US Secretary of Defense Panetta records gay pride message
US Secretary of Defense Leon Panetta.

US Secretary of Defense Leon Panetta released a video celebrating gay pride and the contributions of LGBT troops.

'The successful repeal of "Don’t Ask, Don’t Tell" proved to the nation that, just like the country we defend, we share different backgrounds, different values and different beliefs,' Panetta said. 'But together we form the greatest military force in the world.'

The official message was the first time the Department of Defense recognized Gay Pride Month. For 18 years, gay and lesbian troops served under Don't Ask, Don't Tell. That policy, which started in 1993, barred discrimination of gay troops, but also kept military personnel from being out.
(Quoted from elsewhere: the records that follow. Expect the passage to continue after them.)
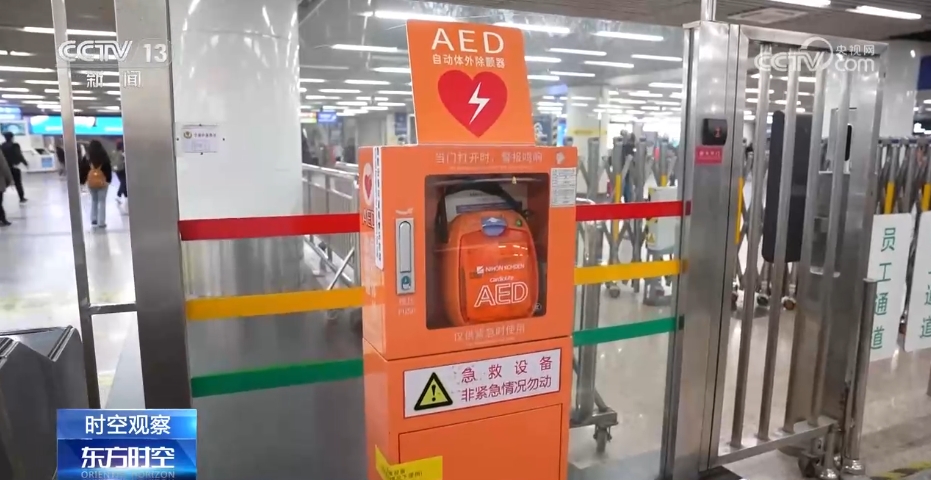 作为全国人流量最大的地铁站之一,近年来,地铁北京西站在进站口和出站口都放置了AED设备,遇到突发情况,乘客可以自主取用。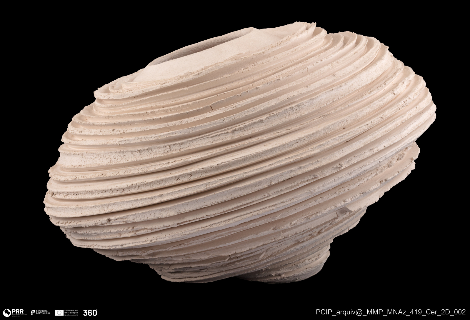Matéria/ Técnica: Grés e vidrado; Cronologia: 2003; Autoria: Abrantes, Helena; Dimensões (cm): Altura: 25 cm; Largura: 37,5 cm; Profundidade: 38 cm; Diâmetro: 11 cm.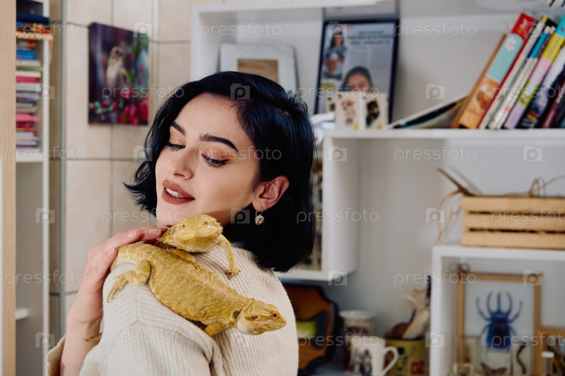 Красивая женщина позирует со своими двумя очаровательными бородатыми драконами

According to Servicemembers Legal Defense Network, a non-profit that works with LGBT sailors, soldiers and airmen, approximately 14,500 troops have been discharged under DADT.

'A year ago, our brave gay and lesbian service members were still serving in silence due to the discriminatory "Don't Ask, Don't Tell" law,' said SLDN's executive director Aubrey Sarvis in a press release. 'Today, in this historic message, Secretary Panetta has affirmed their invaluable contributions to our nation's military and in doing so, shined a bright light on how far we have progressed toward full LGBT equality in our military.'

As reported by the Army Times. the Pentagon has a history of celebrating diversity.

'Hallway displays and activities, for example, have marked Black History Month and Asian-Pacific American Heritage Month,' the newspaper noted.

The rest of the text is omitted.